All fallible operations return foundry_local_sdk::Result<T>, which is an alias for std::result::Result<T, FoundryLocalError>.

use foundry_local_sdk::FoundryLocalError;

match manager.catalog().get_model("nonexistent").await {
    Ok(model) => { /* use model */ }
    Err(FoundryLocalError::ModelOperation { reason }) => {
        eprintln!("Model error: {reason}");
    }
    Err(FoundryLocalError::CommandExecution { reason }) => {
        eprintln!("Core engine error: {reason}");
    }
    Err(e) => {
        eprintln!("Unexpected error: {e}");
    }
}

Error Variants

Variant Description
LibraryLoad { reason } The native core library could not be loaded
CommandExecution { reason } A command executed against native core returned an error
InvalidConfiguration { reason } The provided configuration is invalid
ModelOperation { reason } A model operation failed (load, unload, download, etc.)
HttpRequest(reqwest::Error) An HTTP request to an external service failed
Serialization(serde_json::Error) JSON serialization/deserialization failed
Validation { reason } A validation check on user-supplied input failed
Io(std::io::Error) An I/O error occurred
Internal { reason } An internal SDK error (e.g. poisoned lock)

Configuration

The SDK is configured via FoundryLocalConfig when creating the manager:

use foundry_local_sdk::{FoundryLocalConfig, LogLevel};

let config = FoundryLocalConfig::new("my_app")
    .log_level(LogLevel::Info)
    .model_cache_dir("/path/to/cache")
    .web_service_urls("http://127.0.0.1:5000");

let manager = FoundryLocalManager::create(config)?;
Setting Builder method Default Description
App name new(name) (required) Your application name
App data dir .app_data_dir(dir) ~/.{app_name} Application data directory
Model cache dir .model_cache_dir(dir) {app_data_dir}/cache/models Where models are stored locally
Logs dir .logs_dir(dir) {app_data_dir}/logs Log output directory
Log level .log_level(level) Warn Trace, Debug, Info, Warn, Error, Fatal
Web service URLs .web_service_urls(urls) None Bind address for the embedded web service
Service endpoint .service_endpoint(url) None URL of an existing external service to connect to
Library path .library_path(path) Auto-discovered Path to native Foundry Local Core libraries
Additional settings .additional_setting(k, v) None Extra key-value settings passed to Core
Logger .logger(impl Logger) None Application logger (stub — not yet wired)

How It Works

Native Library Download

The build.rs build script automatically downloads the required native libraries at compile time:

  1. Queries NuGet/ORT-Nightly feeds for package metadata
  2. Downloads .nupkg packages (zip archives)
  3. Extracts platform-specific native libraries (.dll, .so, or .dylib)
  4. Places them in Cargo's OUT_DIR for runtime discovery

Downloaded libraries are cached — subsequent builds skip the download step.

Runtime Loading

At runtime, the SDK uses libloading to dynamically load the Foundry Local Core library and resolve function pointers.
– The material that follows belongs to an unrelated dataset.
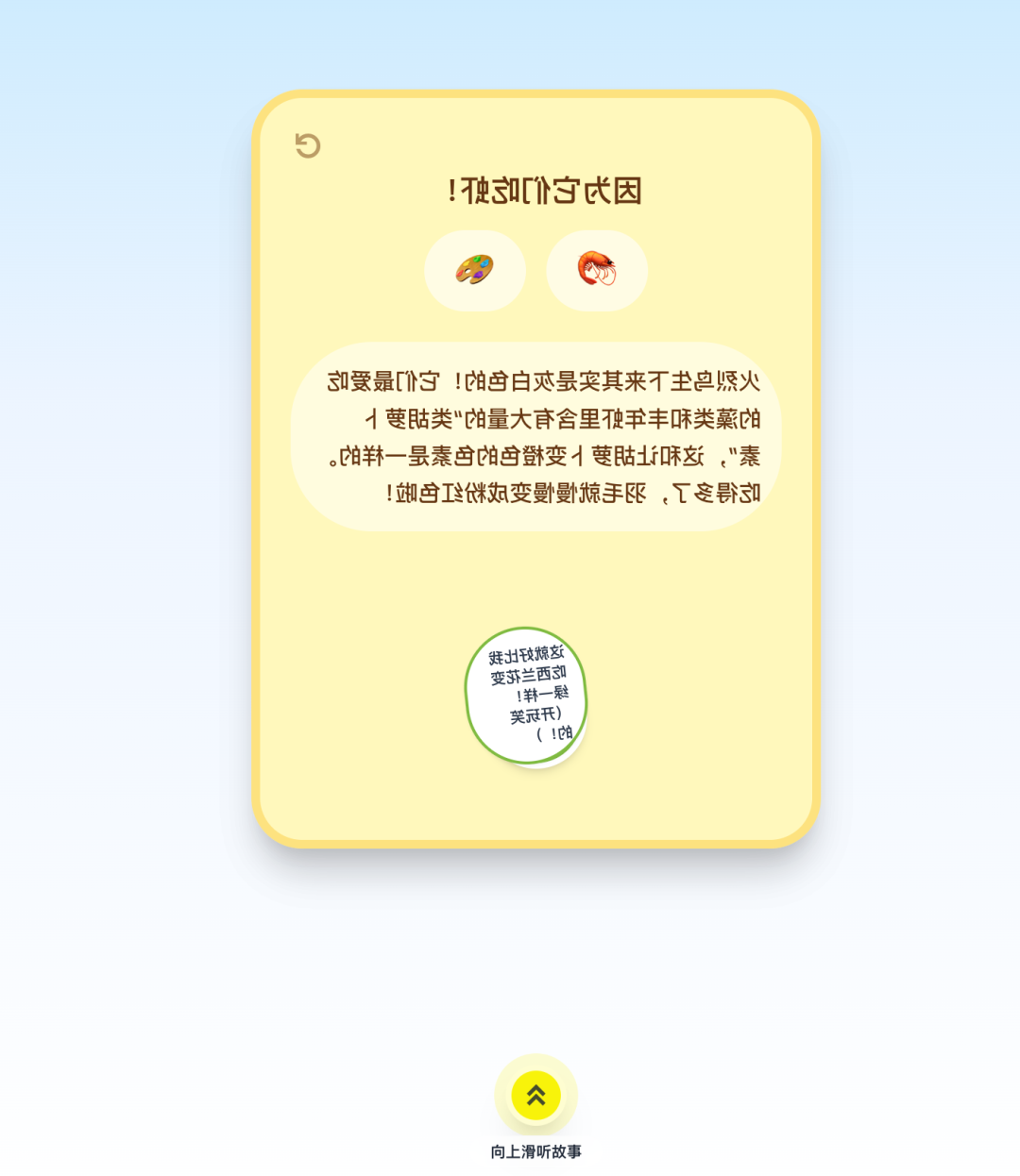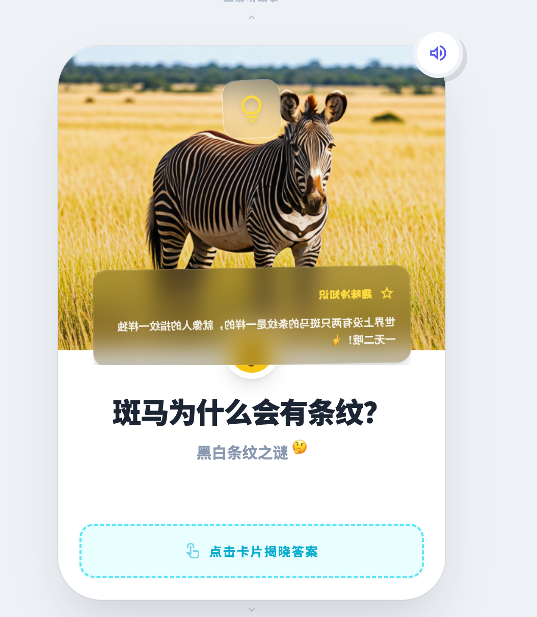 - 【互动】 我们采用卡片式学习设计,每张卡片都是一次探索。孩子可以通过滑动(上下左右滑动)、点击等方式与内容互动,学习不再是被动接受,而是主动探索。就像打开一个个“奇怪”的知识盒子,发现里面“奇怪”又有趣的世界。

No static linking or system-wide installation is required.

Platform Support

Platform RID Status
Windows x64 win-x64
Windows ARM64 win-arm64
Linux x64 linux-x64
Linux ARM64 linux-arm64
macOS ARM64 osx-arm64

Running Examples

Sample applications are available in samples/rust/:

Sample Description
native-chat-completions Non-streaming and streaming chat completions
tool-calling-foundry-local Function/tool calling with multi-turn conversations
audio-transcription-example Audio transcription (non-streaming and streaming)
foundry-local-webserver Embedded OpenAI-compatible REST API server

Run a sample with:

cd samples/rust

cargo run -p native-chat-completions

License

Microsoft Software License Terms — see LICENSE for details.